Natural-language messages such as "done" are ignored. If an agent turn ends without a passing finalize_submission, the harness gives exactly one same-round no-finalize recovery prompt. Recovery does not auto-validate, auto-submit, or auto-judge; if it still ends without a passing finalize_submission, the run fails or times out without a judge attempt.

Missing workspace/plan.md or workspace/plans/round_NN.md files are recorded as warnings, not hard blockers, when outputs are otherwise valid.

Task Visibility

Agent-visible paths are limited to the current run:

  • public/: read-only public task bundle.
  • workspace/: writable solver code, notes, and scratch files.
  • outputs/: writable final submission files.
  • logs/agent/: writable agent logs.

Private evaluation/, std_code/, reference output, and judge data paths are not copied into the agent-visible workspace. They are available only to the external judge under runs/.judge_private/<run_id>/.

The initial prompt now includes a compact public file manifest, output contract, visible case summary, and the full public README. No public/HARNESS_HINTS.md file is generated.

Runtime Resolution

The harness resolves Python once before creating the Claude session. It reads public/envs/env_manifest.json, chooses the platform-specific Python path, and falls back to conventional runtime locations:

  • Windows: public/envs/runtime/.venv/Scripts/python.exe
  • POSIX/WSL: public/envs/runtime/.venv/bin/python
  • POSIX/WSL alternate: public/envs/runtime/.venv-posix/bin/python

If no runtime exists, the run exits as infra_error; the agent is not asked to repair virtual environments or install packages.

Virtual-environment directories are linked into the run instead of copied, so a run does not spend minutes duplicating site-packages.

Trajectories

SourceTrajectoryWriter writes two append-only files:

  • logs/trajectory.clean.jsonl: compact training-friendly records.
  • logs/trajectory.raw.jsonl: raw source events for debugging.

Static context is written once as run_context. Judge feedback is compacted before being sent as a continuation prompt in the same session, while the raw judge JSON stays in trajectory.raw.jsonl for debugging.

Clean trajectories also record validation pass/fail events, run warnings, and no-finalize recovery markers. Raw trajectories preserve source events exactly; clean trajectories filter standalone punctuation-only assistant text such as . or ....

CLI

bun src/harness/evaluation/cli.ts --task <task_id> --runs-dir output/runs --max-rounds 3 --timeout-seconds 1800 --temperature 1 --thinking disabled

--system-prompt <path> is a debug-only explicit override. Normal source-native runs use the built-in lean system contract plus the generated initial prompt; there is no default config/AGENT.md.

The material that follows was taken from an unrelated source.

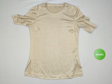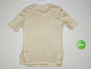 Bluzka damska z lekko połyskującej tkaniny w kolorze szampańskiej perły. - Krój: prosty, swobodny - Dekolt: okrągły - Rękaw: krótki - Tył: małe rozcięcie z zapięciem na guzik - Materiał: gładki, d...
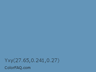 Yxy 27.65,0.241,0.27 Color is a normal blue color and the nearest color is Silver Lake Blue #5d89ba. Hex code #6395b9 and RGB value is rgb(99,149,185). In RGB color space, this color is composed of 39% red, 58% green, 73% blue, In CMYK color space, this color is composed of 46% cyan, 19% magenta, 0% yellow , 27% black , In HSL color space, this color has a hue angle of 205° , 38% saturation and 56% lightness.

The default LLM options are --thinking disabled --temperature 1. With thinking disabled, temperature is sent to the model. With --thinking adaptive, temperature is intentionally omitted and logged as ignored in run metadata.

--max-turns-per-round <n> caps agentic turns within one judge round. It is optional; full implementation regressions usually leave it unset and rely on --timeout-seconds as the whole-loop hard timeout. Set a cap when diagnosing no-finalize loops or running short smoke tests.